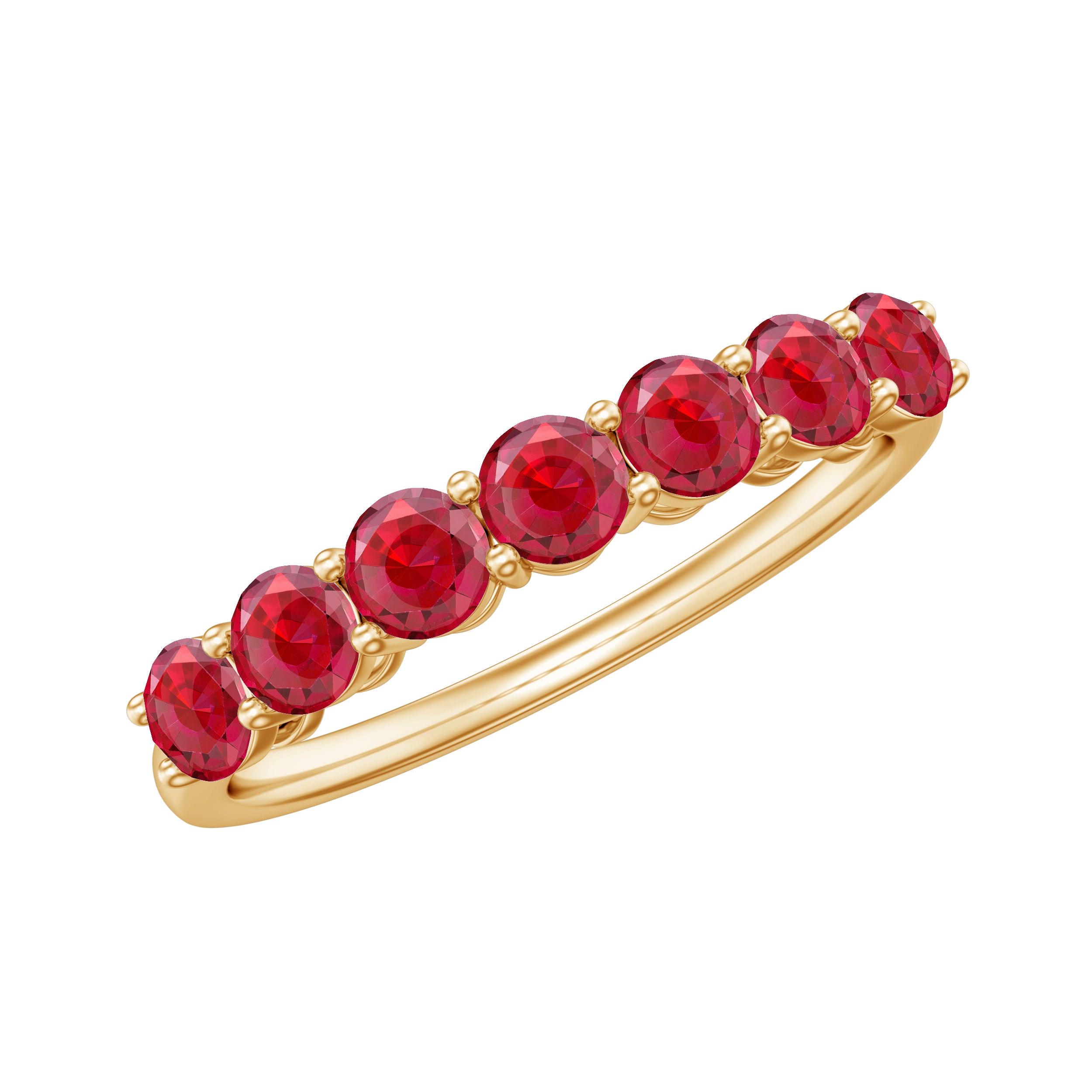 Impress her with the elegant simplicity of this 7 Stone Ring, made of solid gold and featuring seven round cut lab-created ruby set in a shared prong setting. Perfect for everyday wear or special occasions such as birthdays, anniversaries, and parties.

_____

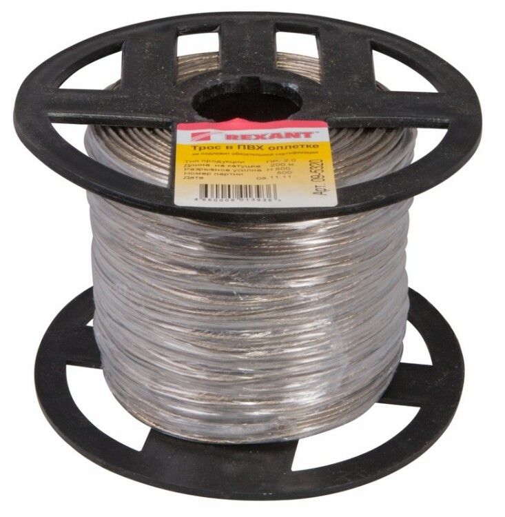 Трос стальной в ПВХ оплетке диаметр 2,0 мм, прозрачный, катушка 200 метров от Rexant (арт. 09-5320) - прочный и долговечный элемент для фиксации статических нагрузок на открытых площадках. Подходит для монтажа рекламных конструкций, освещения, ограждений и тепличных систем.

_____

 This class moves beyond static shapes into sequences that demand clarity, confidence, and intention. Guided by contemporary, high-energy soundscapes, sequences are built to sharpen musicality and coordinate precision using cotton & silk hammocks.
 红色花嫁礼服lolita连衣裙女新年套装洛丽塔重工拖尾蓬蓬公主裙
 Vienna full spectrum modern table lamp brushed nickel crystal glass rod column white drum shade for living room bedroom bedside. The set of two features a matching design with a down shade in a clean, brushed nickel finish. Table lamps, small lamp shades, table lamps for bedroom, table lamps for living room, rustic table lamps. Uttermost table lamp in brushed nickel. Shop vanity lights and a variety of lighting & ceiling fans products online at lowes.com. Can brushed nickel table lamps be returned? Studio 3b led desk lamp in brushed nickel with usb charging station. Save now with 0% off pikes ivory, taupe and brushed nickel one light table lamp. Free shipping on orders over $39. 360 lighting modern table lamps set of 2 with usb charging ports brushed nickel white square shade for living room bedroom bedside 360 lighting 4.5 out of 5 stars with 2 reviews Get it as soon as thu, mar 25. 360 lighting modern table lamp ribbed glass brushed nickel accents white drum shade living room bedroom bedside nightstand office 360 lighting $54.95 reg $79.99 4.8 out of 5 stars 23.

_____

Work to be completed:
Here the output must be the lines above from the line with "红色花嫁礼服lolita连衣裙女新年套装洛丽塔重工拖尾蓬蓬公主裙" to the line with "Vienna full spectrum", both included, duplicated word for word and nothing else.

Exercise result:
 红色花嫁礼服lolita连衣裙女新年套装洛丽塔重工拖尾蓬蓬公主裙
 Vienna full spectrum modern table lamp brushed nickel crystal glass rod column white drum shade for living room bedroom bedside. The set of two features a matching design with a down shade in a clean, brushed nickel finish. Table lamps, small lamp shades, table lamps for bedroom, table lamps for living room, rustic table lamps. Uttermost table lamp in brushed nickel. Shop vanity lights and a variety of lighting & ceiling fans products online at lowes.com. Can brushed nickel table lamps be returned? Studio 3b led desk lamp in brushed nickel with usb charging station. Save now with 0% off pikes ivory, taupe and brushed nickel one light table lamp. Free shipping on orders over $39. 360 lighting modern table lamps set of 2 with usb charging ports brushed nickel white square shade for living room bedroom bedside 360 lighting 4.5 out of 5 stars with 2 reviews Get it as soon as thu, mar 25. 360 lighting modern table lamp ribbed glass brushed nickel accents white drum shade living room bedroom bedside nightstand office 360 lighting $54.95 reg $79.99 4.8 out of 5 stars 23.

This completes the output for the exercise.